Rushing into a salvage operation, however, could be a disaster. The ship is holding more than 1,000 U.S. tons of fuel oil, and more than 70,000 U.S. tons of coal. Patrick Quirk, the maritime safety manager for Queensland (the province of Australia where this happened) says that two tons of overflow fuel has already leaked out, but the rest, so far, has been saved. “The oil is being held from the breach tank by a hydrostatic plug of water,” Mr Quirk said. That `plug’ was caused by the pressure of the ocean water outside preventing the oil and water escaping from the ship’s engine room [Brisbane Times]. Quirk is worried that refloating the ship too soon could kill that pressure plug and cause a much more vigorous oil leak, or worse, cause the ship to break up.

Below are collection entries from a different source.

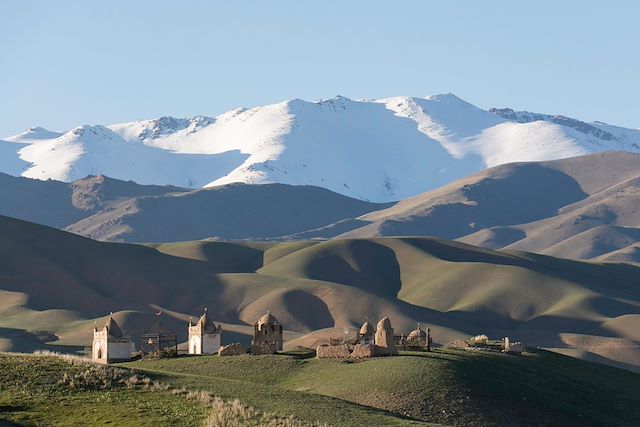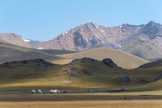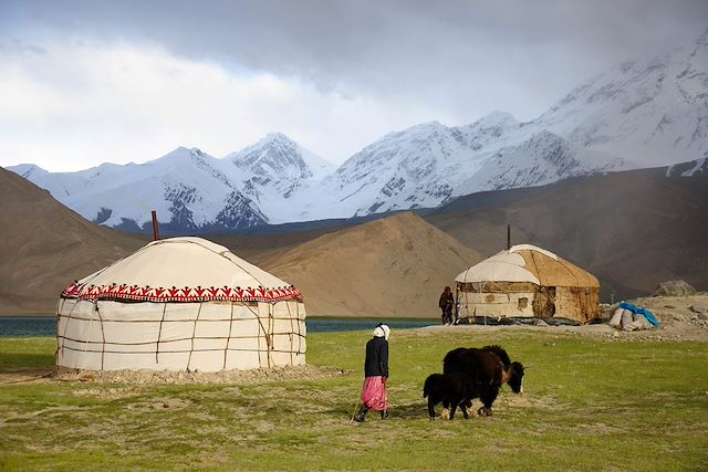 Ce voyage propose une itinérance pour découvrir la diversité des paysages kirghizes, dans des milieu naturels préservés et grandioses. Le lac Song Kul attire les nomades et leurs troupeaux, qui viennent y chercher les excellents pâturages d'été ; nous y ferons notre premier trek dans les immenses steppes, au pied des montagnes. Puis direction la rive sud du lac Issyk Kul, bordée par la chaîne des Terskei, zone sauvage où nous randonnons dans e beaux reliefs pour rallier les magnifiques lacs d'Ozero Tesshikel. Les grès rouges de Kornochek et les montagnes boisées du parc de Chong Kemin complèteront magnifiquement ce périple en terre nomade.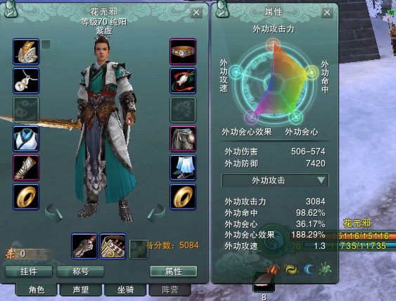 然后把新经脉系统里外功需要的经脉给点上,对比一下前后属性的区别,会心大幅下降,命中略微降低,血量、攻击有所提高。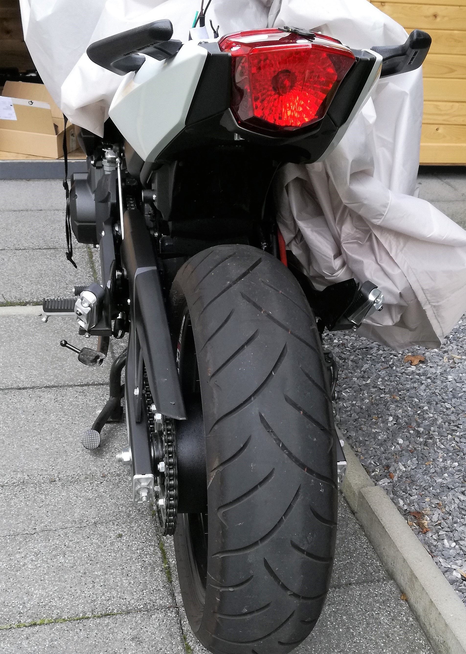 Wenn der Soziushaltebügel und die rechte Heckverkleidung abgenommen werden, kommt man wunderbar an den Kablebaum dran, wo alles mit Japansteckern verbunden ist.

Shipping experts like Basil M. Karatzas say it was not unusual that the 755-foot Shen Neng 1 would be carrying so much bunker fuel. A ship of that size and design would burn about 35 tons of fuel a day, he said, and would require at least two weeks to travel from eastern Australia to China [The New York Times]. Also, because China imports so much material, ships must be prepared for long waits to unload when they reach port.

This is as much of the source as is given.